Adaptive Reduced-Basis Trust-Region Methods for Defect Identification in Elastic Materials

Monitoring the integrity of elastic structures using ultrasonic waves requires the efficient identification of material parameters from measured surface displacements. The displacement field is governed by Cauchy's equation of motion, i.e., an elastic wave equation. Consequently, defect localization leads to a high-dimensional spatial parameter identification problem for a hyperbolic system with given initial and boundary conditions. Stable parameter reconstructions typically rely on regularization techniques such as the iteratively regularized Gauss--Newton method (IRGNM). However, its practical application is computationally demanding due to the high-dimensional nature of the problem. To address this bottleneck, we propose a reduced-order modeling approach that simultaneously reduces the state and parameter spaces using adaptively constructed reduced-basis spaces.

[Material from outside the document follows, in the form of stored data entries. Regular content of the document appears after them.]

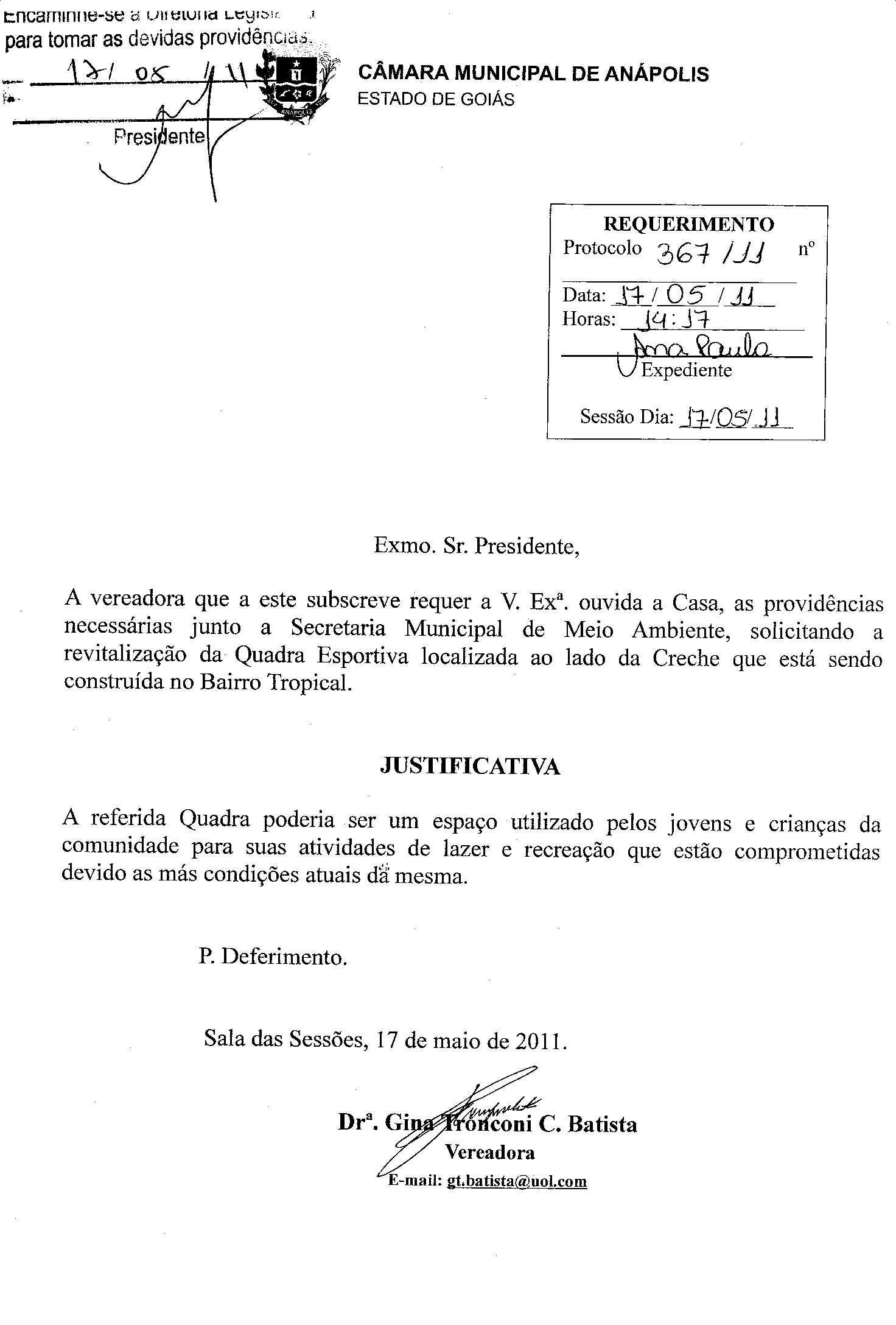 Ementa: A VEREADORA QUE A ESTE SUBSCREVE REQUER A V. EXª. OUVIDA A CASA, AS PROVIDÊNCIAS NECESSÁRIAS JUNTO A SECRETARIA MUNICIPAL DE MEIO AMBIENTE, SOLICITANDO A REVITALIZAÇÃO DA QUADRA ESPORTIVA LOCALIZADA AO LADO DA CRECHE QUE ESTÁ SENDO CONSTRUÍDA NO BAIRRO TROPICAL.
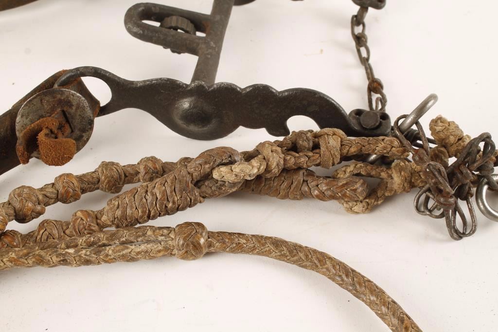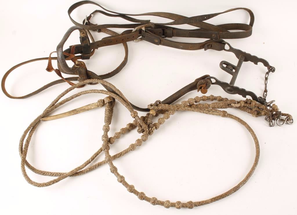 Braided rawhide reins. Bit is unmarked, shows age and use.
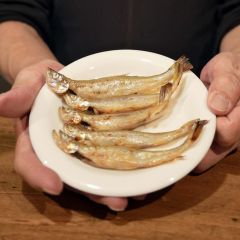韓国料理「ましっそよ」では、ワタを取り除いた干しシシャモ焼きを提供。1皿に5尾が並び、うま味の強い雄と、子持ちの雌を食べ比べることができる。店主の佐藤剛仁さん(66)は「今季は少し小ぶりだが、味は例年と変わらずしっかりしている」と話す。
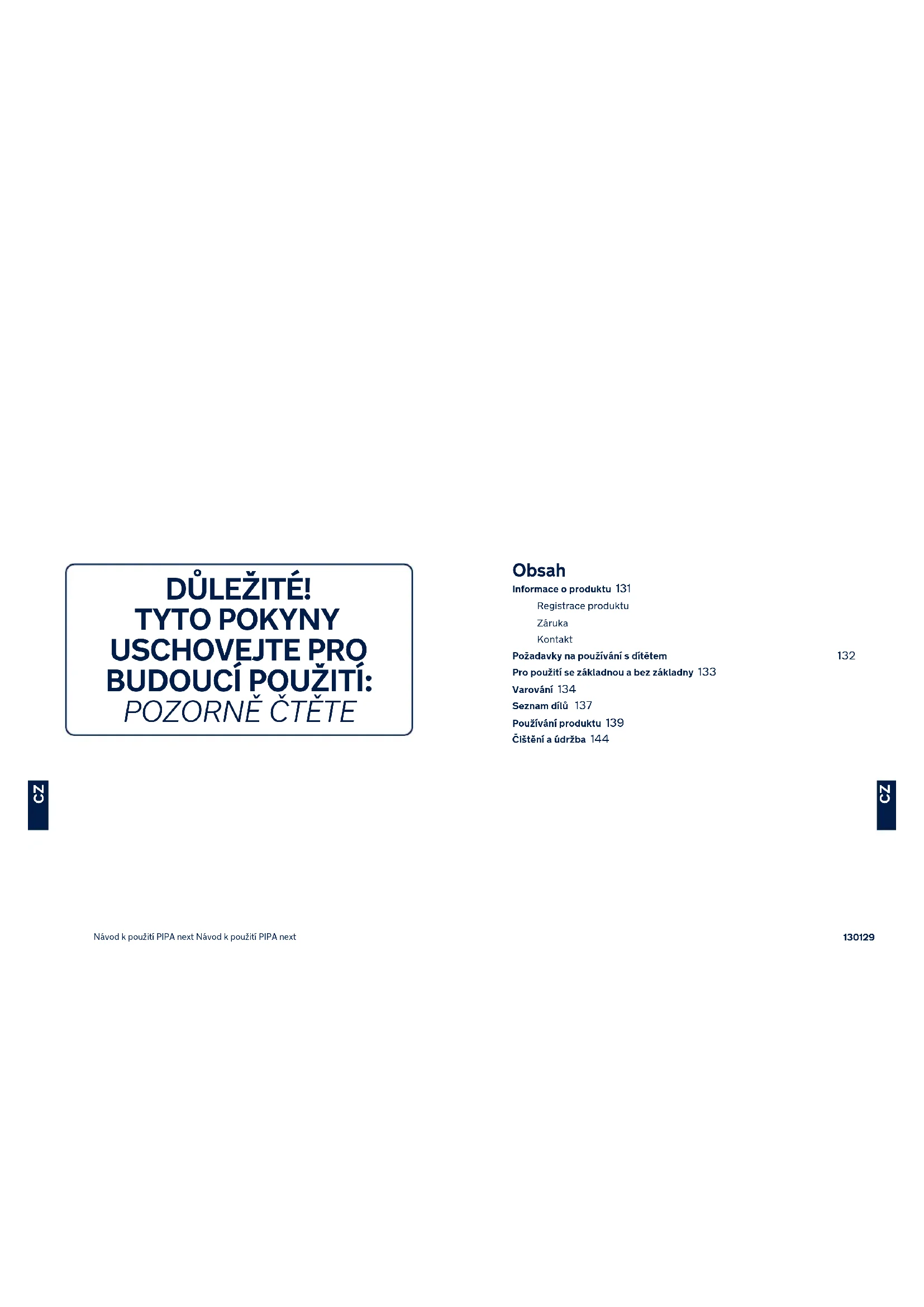 Obsah Informace o produktu 131 Registrace produktu Záruka Kontakt Požadavky na používání s dítětem
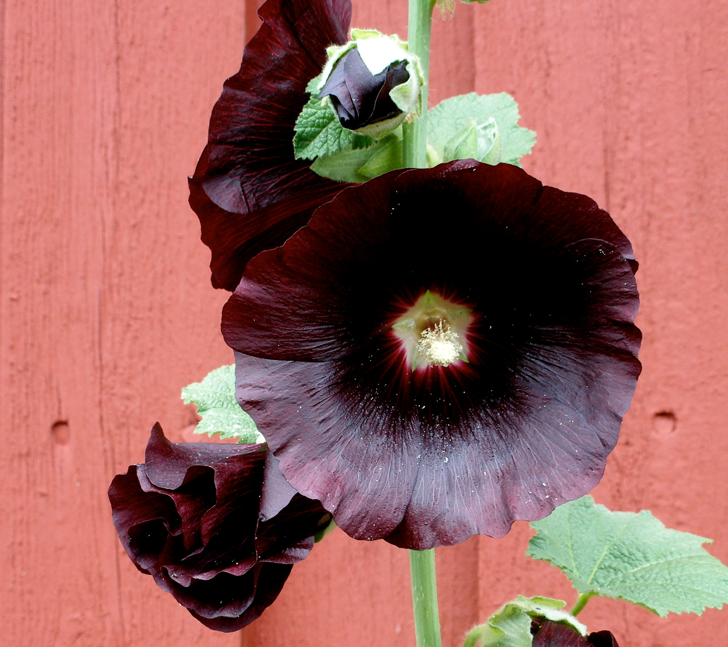 Alcea rosea. Djupt mörkviolett stockros med enkla blommor. De används som ett naturligt färgämne och ger en underbar färg åt bl.a. örttéer. Precis som hos vanlig stockros har också den "svarta" sin givna plats bland örtmedicinerna.
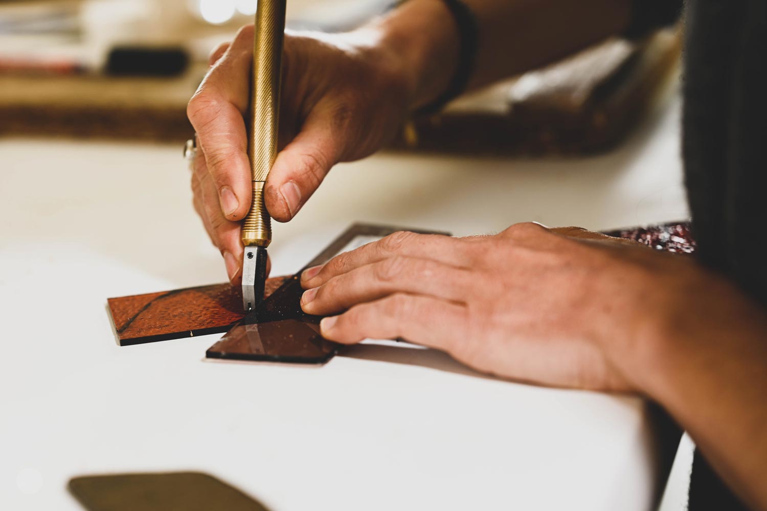 I work with versatile techniques such as kiln-firing and cold working glass, cutting and assembling metal, together with the mastery of digital tools and vector drawing for the design of my models.
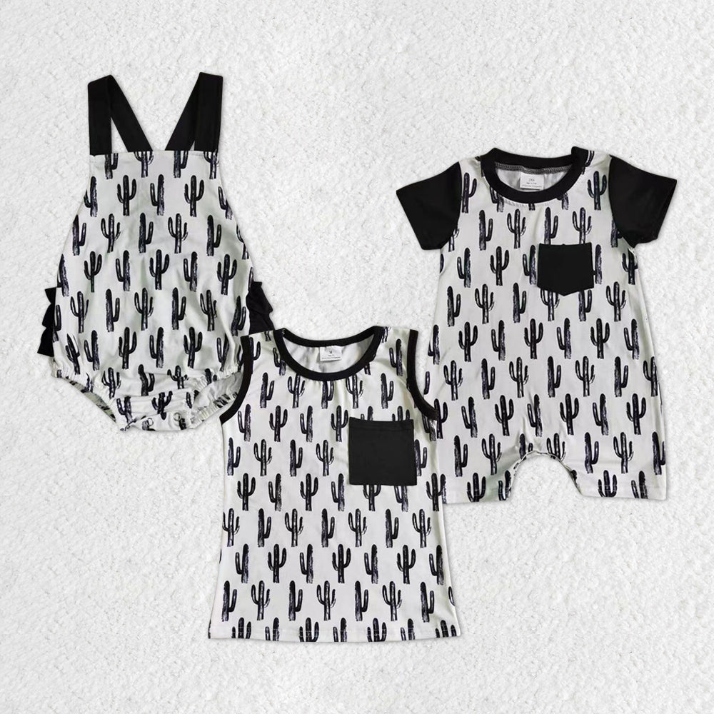 Baby Boys Girls Black Cactus Rompers Shirts Sibling Designs Clothing
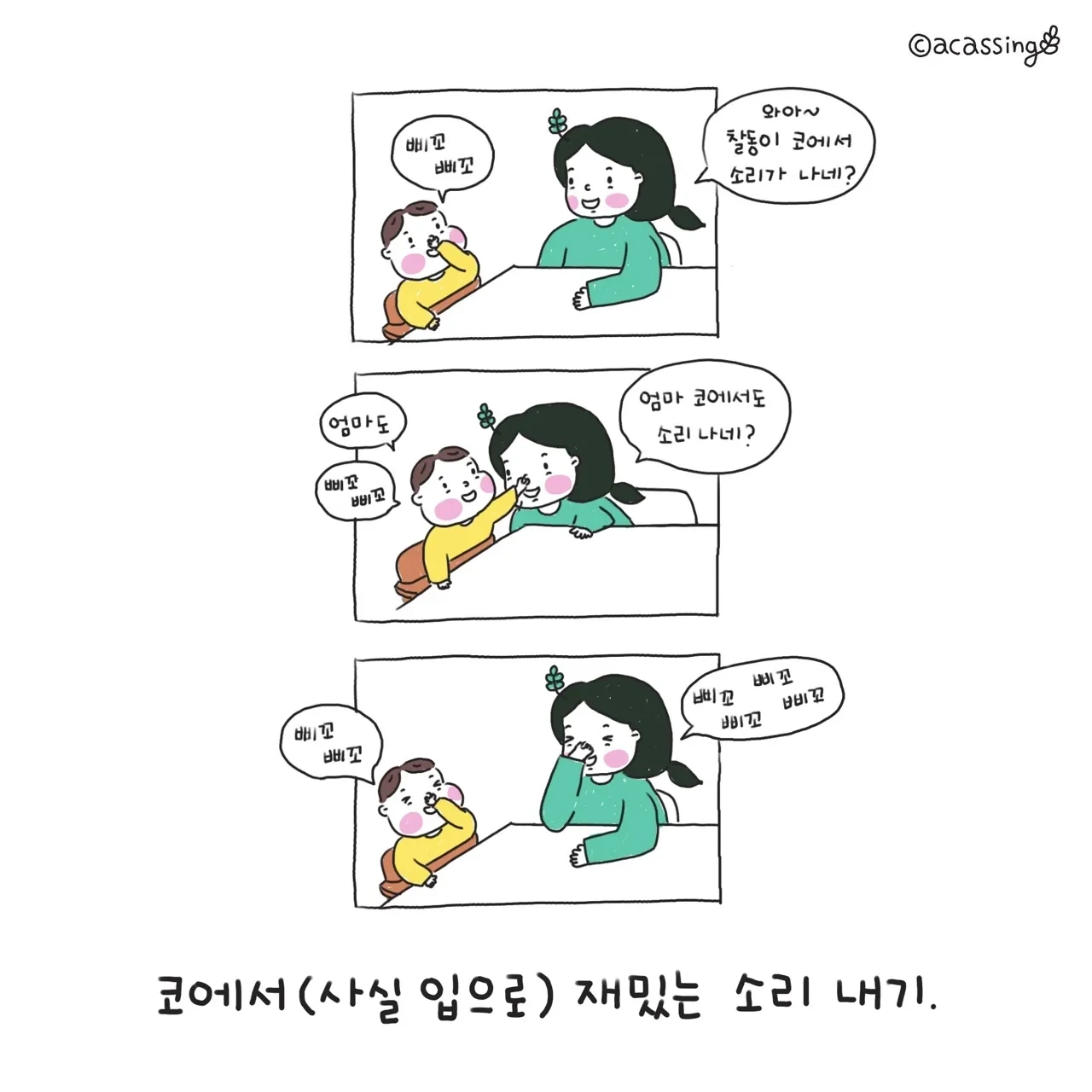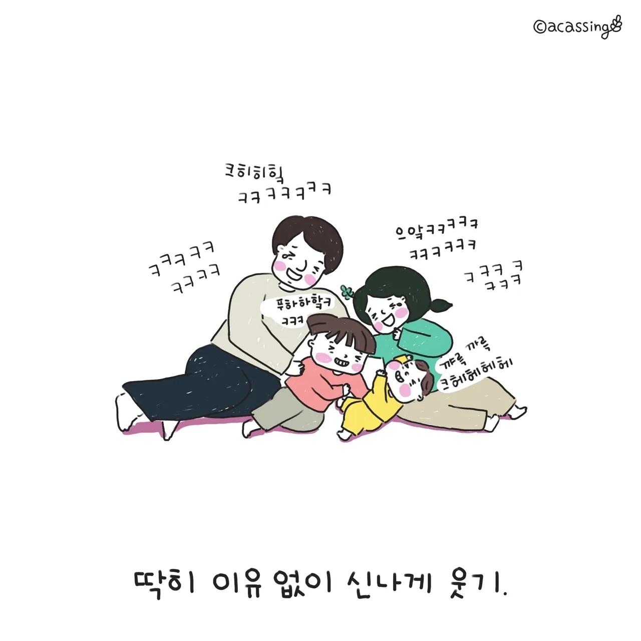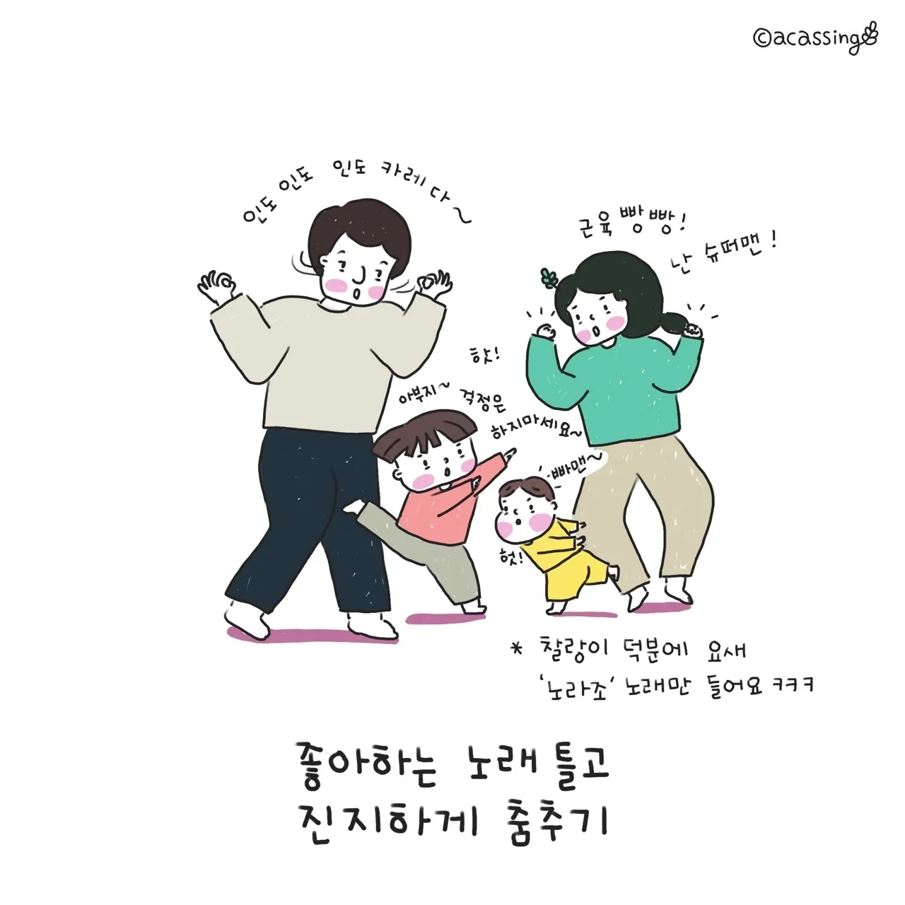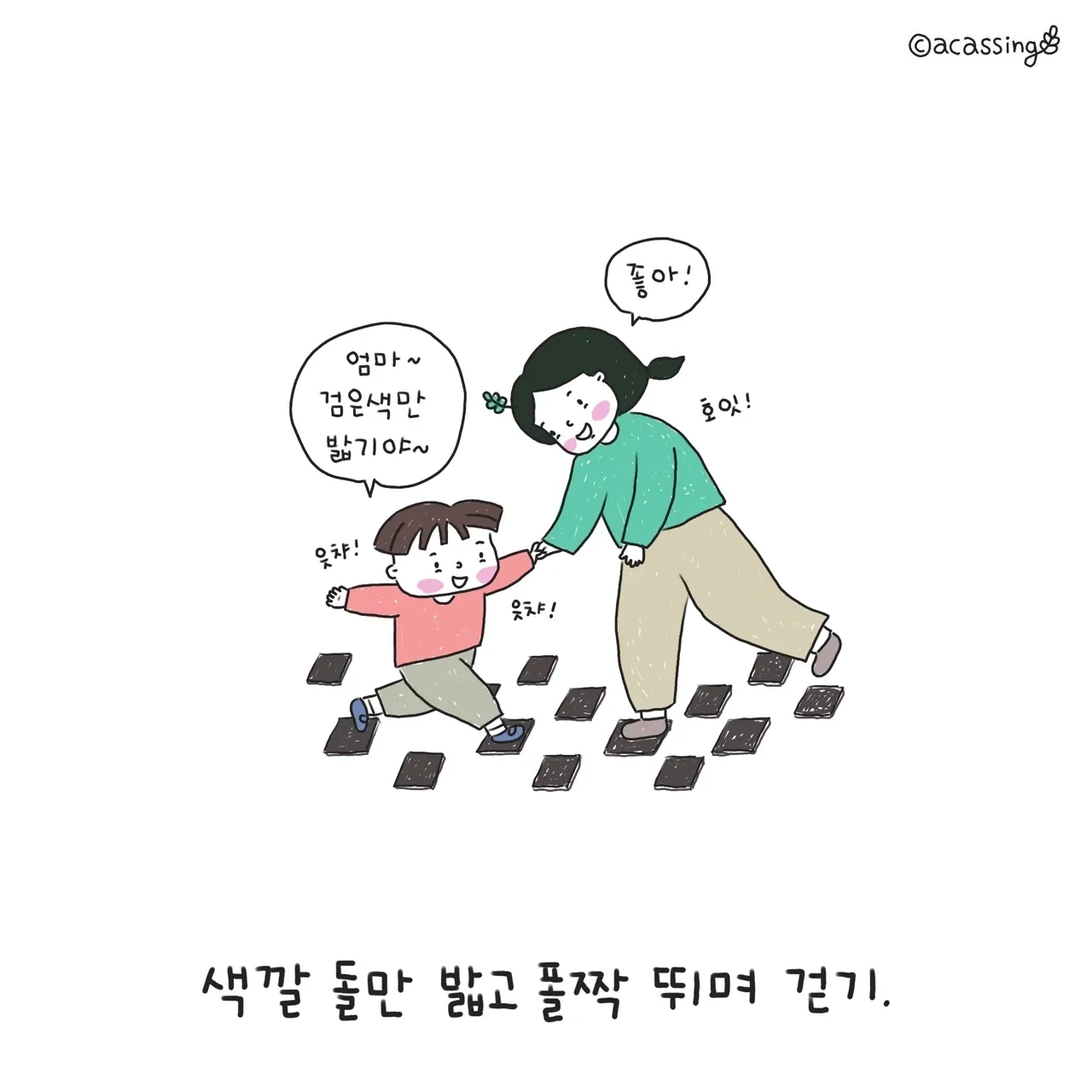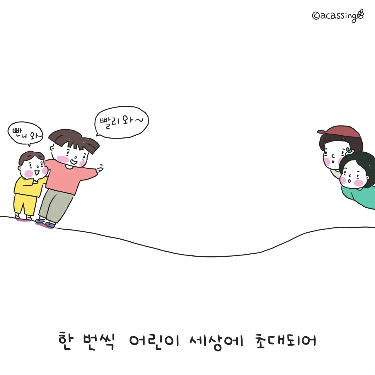 "엄마 내 표정 좀 봐봐~" 오늘도 어김없이 찰랑이가 얼굴 근육에 잔뜩 힘을 주고 입을 씰룩거리기에, 지지 않고 괴기스러운 소리까지 내며 요상한 표정으로 맞장구쳤다. 그게 뭐라고 뒤로 넘어가 낄낄거리는 어린이 모습에 나 또한 웃음이 터진다. 매일 몇 번씩 초대되는 어린이의 세상은 코 끝 간지럽게 즐겁다. 어린이건 한때 어린이였건 즐거움 하나로 똘똘 뭉칠 수 있는 어린이의 세상. 오늘도 그들의 세상에 어깨동무하며 정답게 들어가 본다. 그렇게 즐거운 어린이가 되어본다.
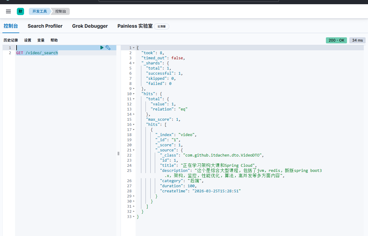 }在 Kibana 中执行 GET /video/_search 查看信息
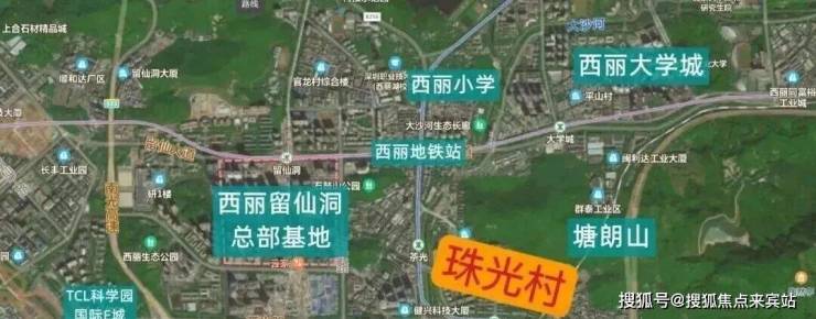 项目西侧为西丽留仙洞总部基地,东北侧为大学城,东侧为塘朗山,西南侧是西丽高铁站。
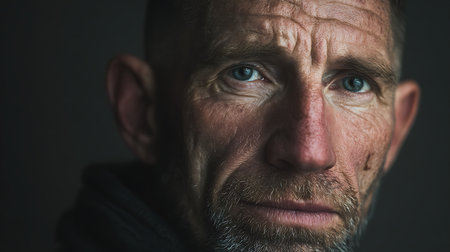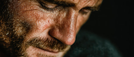 A man with a rugged face shows deep emotions while lost in thought illuminated softly in low light highlighting his intense gaze.

This yields online-efficient surrogate models for both the forward and adjoint evaluations required in derivative-based optimization. To ensure reliability, the IRGNM iteration is embedded into an adaptive, trust-region framework that provides accuracy of the reduced-order approximations. The approach extends our recent contributions, which focus on elliptic and parabolic problems, to the hyperbolic setting. We demonstrate the reliability and effectiveness of the method for defect detection through numerical experiments.